For the future, the lessons that need to be learned are:

  1. Pandemics do not spread through humans as mere “numbers in a computer model”
  2. Viral pandemics are as much environmental, building and HVAC issues as they are medical ones
  3. Draconian “social control” as a default coping mechanism is an indictment on the mindset, the competence and the good faith of government advisory “experts”.
  4. “Contrarian” experts who are proved right need to be promoted, and excessive “caution” and “kindness” must not be accepted as excuses when a worse evil rather than a lesser one has been selected as a result.
  5. Instead of listening to the WHO when a medical emergency appears to be developing somewhere in China, we need to look at what Singapore and Taiwan are doing.
  6. If there is going to be a “next time” involving something much more serious than COVID-19 (which is hundreds of times less deadly than the 1918 Spanish Flu), we need to have policies in place that avert a default to “doing 30 years worth of economic damage in a few weeks”. There is only so many “30 years of economic damage” impacts we can subject our economies to every century. It is nonsense to claim that “lives trump the economy” when the economy is “lives in the future”. If we bring the 1930’s on ourselves once a decade, say, we soon will be dying en mass of measles, smallpox and famine again, just like they still do in Africa. It is bad faith of progressive “eco alarmist” types to gloat over this as an inevitable “consequence of overpopulation and consumerism” when it is entirely gratuitous and self-imposed. The human ingenuity and markets they despise for getting us to this point, are in fact the solutions going forward; including HVAC even more than medical technology. Vibrant-urbanista global cities must accept programs of neighborhood renewal and expensive HVAC mandates for venues and multi-family housing. Rent controls and social housing programs that perpetuate the presence of poor vulnerable people in high risk locations, have unintended consequences.

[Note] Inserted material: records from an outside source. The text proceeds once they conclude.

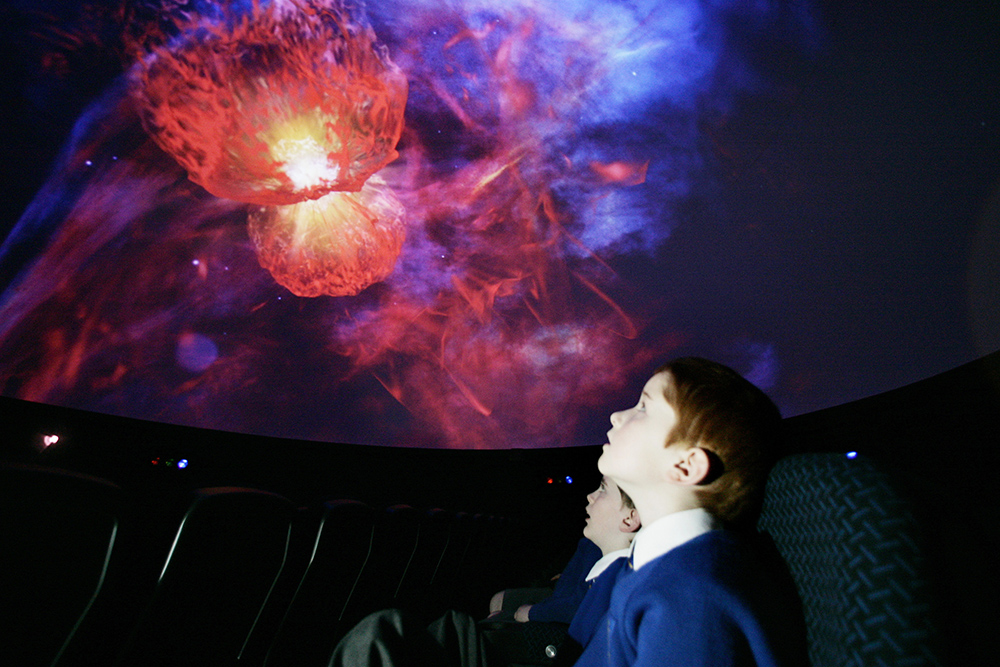 В здании установлен купольный экран с обзором в 360 градусов. Применяются цифровые технологии сферического проецирования (Full Dome Video), что позволяет демонстрировать звёздное небо и космос во всем его многообразии. Сферический купол полностью охватывает область зрения человека, что создает эффект погружения у зрителей.
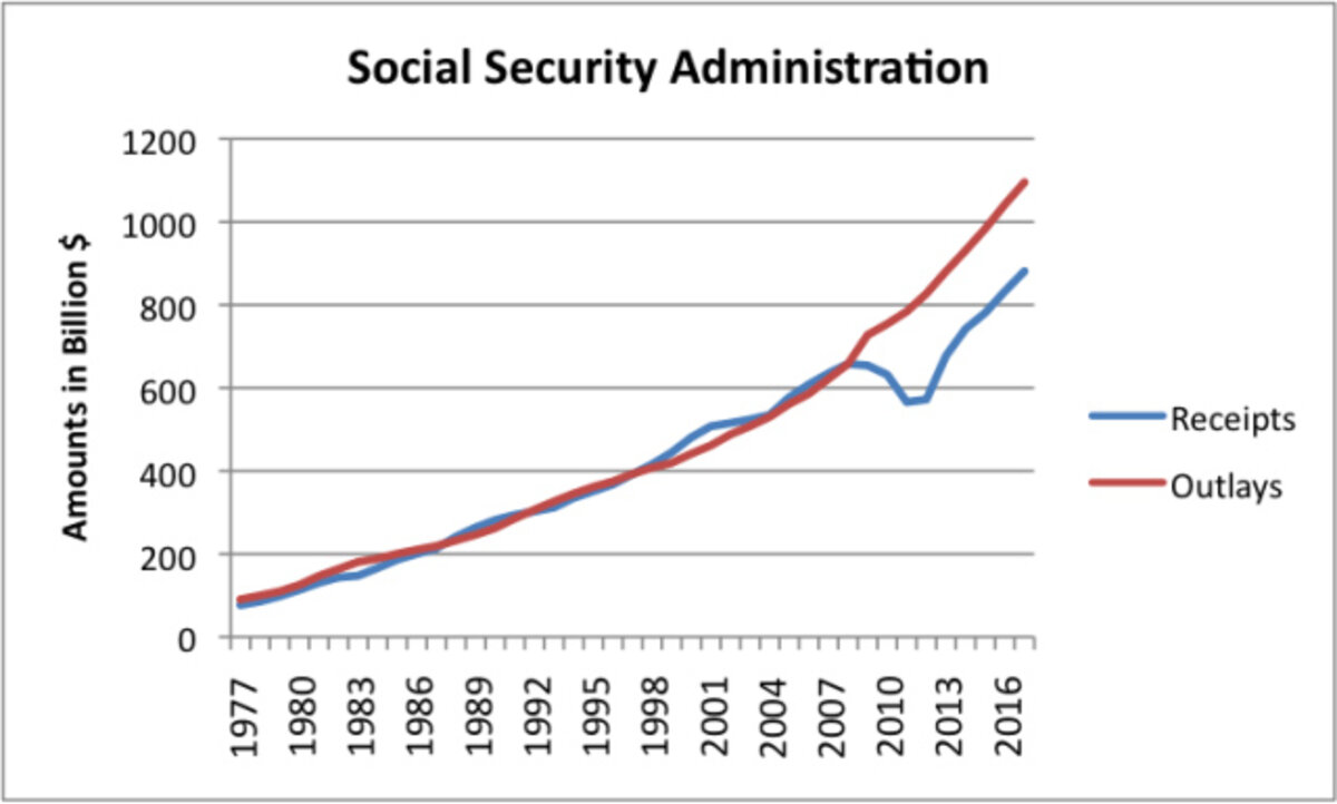 Based on Figure 1, we either need to raise taxes by a little more than 15% of wages, and keep raising taxes in the future to keep up with an escalating problem, or we need to cut back on government benefits, such as unemployment insurance, Social Security and Medicare.
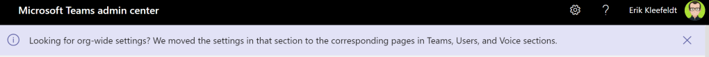 Recently the Microsoft Teams Admin Center (TAC) received an update. The update brings together what belongs together like the calling space, user space and voip space. Furthermore, I noticed that the performance of the TAC was improved so that clicking on another space is much more fluent and much faster.

  7. A fluid mind is needed on the part of urban planning visionaries, for the potential benefit of low density, closer-to-nature living for at least a significant percentage of the population. There has always been a lack of good faith on this subject, in that “sprawl” itself was associated with negative externalities that did not have to be inevitable with sprawl. There has been an unhealthy obsession with cramming people into tall concrete buildings and requiring mass transit to be the main form of transport. But there has never been any inherent reason that urban populaces spread out at low density cannot be efficient and sustainable. For example, what is the point of “working at home” in a CBD apartment? There is no advantage to the CBD apartment in this case, compared to an exurban lifestyle block. And the people on the exurban lifestyle block may well have the ability to be sustainable in their own food production and the cooking of it. There are many “maverick” advocates with amazing and convincing proposals for sustainable, resilient low density living, including master-planned communities. Employment is in any case, always naturally dispersed as cities spread out, so that the suburban dweller is not inevitably “driving a long way to a city center job”, which seems to be the central obsession of planners.